Physicists have the opportunity to play a critical role in understanding and regulating AI. Physics research often requires a careful analysis of algorithmic bias or interpretability, which are critical methods for improving the fairness of AI systems. We are becoming increasingly impactful in foundational AI research spaces and have opportunities to effect real change. We have the technical knowledge to help make AI understanding accessible to the public. Moreover, as community members, we have a duty to participate in these conversations and efforts. We cannot separate ourselves from the global ethical implications of the algorithms we build simply because our primary intent is to use them to enable physics research.
If you’re grappling with AI ethics for the first time (or even if you’ve thought about these issues many times before), I encourage you to start with readings from prominent scholars in the field. Stanford’s Institute for Human-Centered Artificial Intelligence, the AI Now Institute at NYU, Harvard’s Berkman Klein Center, Oxford’s Future of Humanity Institute, and the Alan Turing Institute publish excellent research and host accessible, interdisciplinary conversations and events. If you can attend AI conferences like NeurIPS or the International Conference on Learning Representations (ICLR), participate in sessions on AI ethics, data rights, and interpretability. Learn about ways AI is used in your local community and about the effects it’s having on those around you, particularly on vulnerable populations.

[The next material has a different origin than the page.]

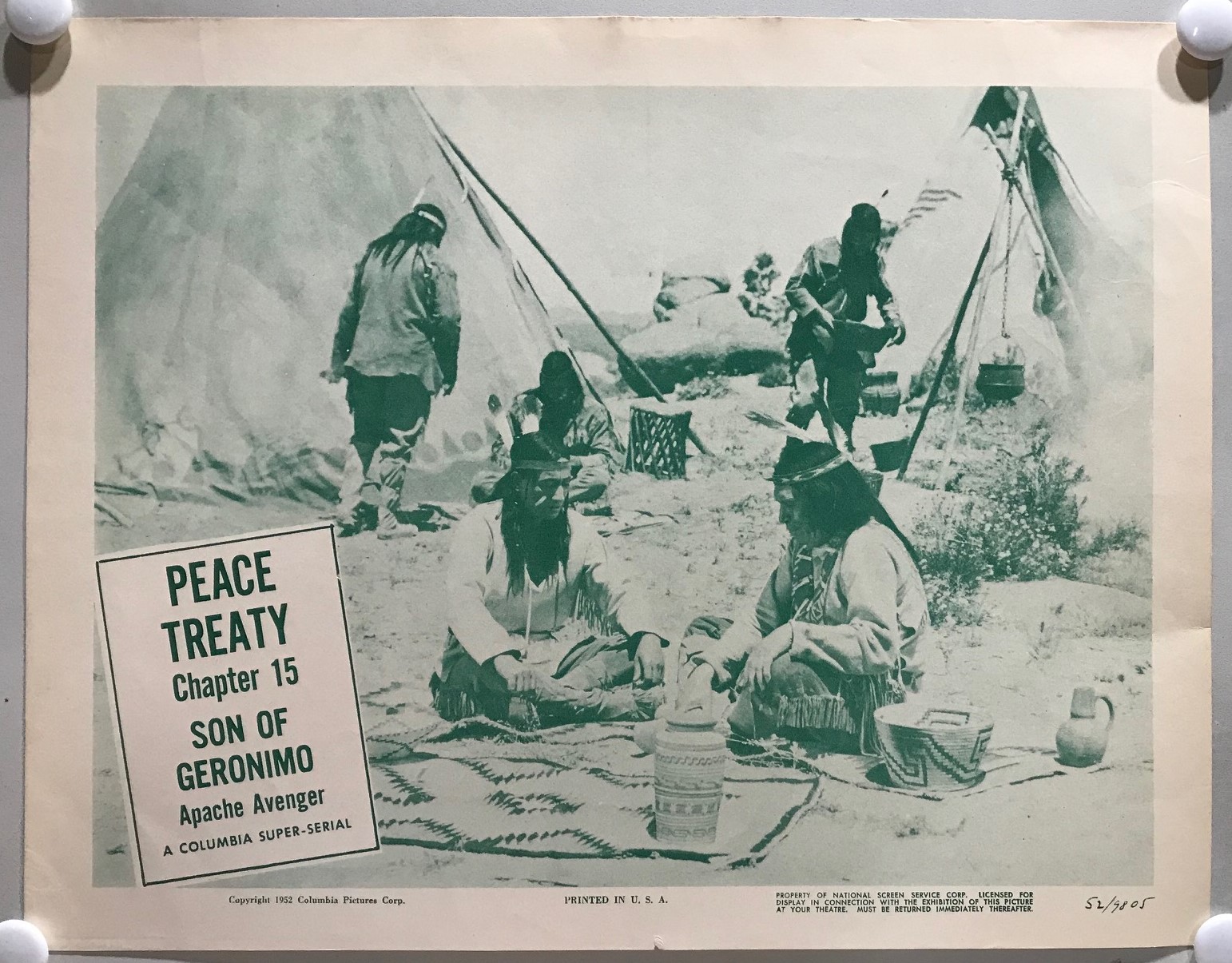 ORIGINAL SERIAL LOBBY CARD – SON OF GERONIMO (d) – 1952 – scene card – Ch 15 “Peace Treaty”

Then, make your voice heard. Contribute to discussions at your institute or at conferences. Look for instances where research could have questionable ethical implications and push back by starting conversations with the authors and research community. Encourage your colleagues, students, and collaborators to learn about how these technologies are used beyond the lab and advocate to policy makers when these uses are harmful. Offer your technical skills to support efforts against prejudiced applications of AI or unwarranted surveillance at a community level. Promote interdisciplinary research and use your position to elevate other voices. Equip people in your communities with information about how AI impacts their lives and what actions they can take to combat unethical implementations of AI.
AI is shaping our world, our lives, our rights, and our futures every day. As scientists and citizens, we must actively engage to ensure AI develops and is utilized in an ethical and equitable manner.
Savannah Thais is a postdoctoral researcher at Princeton University, where she focuses on machine learning (ML). Her physics-related projects include building faster, more efficient ML-based algorithms for the High-Luminosity LHC and on using physics constraints to inform ML architectures. She also works on social-good-focused ML projects, including models of opioid abuse behavior in Appalachia and data-driven community needs assessments for vulnerable populations. She sits on the Executive Board of Women in Machine Learning, the Executive Committee of the APS Forum on Physics and Society, and she serves as the ML Knowledge Convener for the CMS experiment.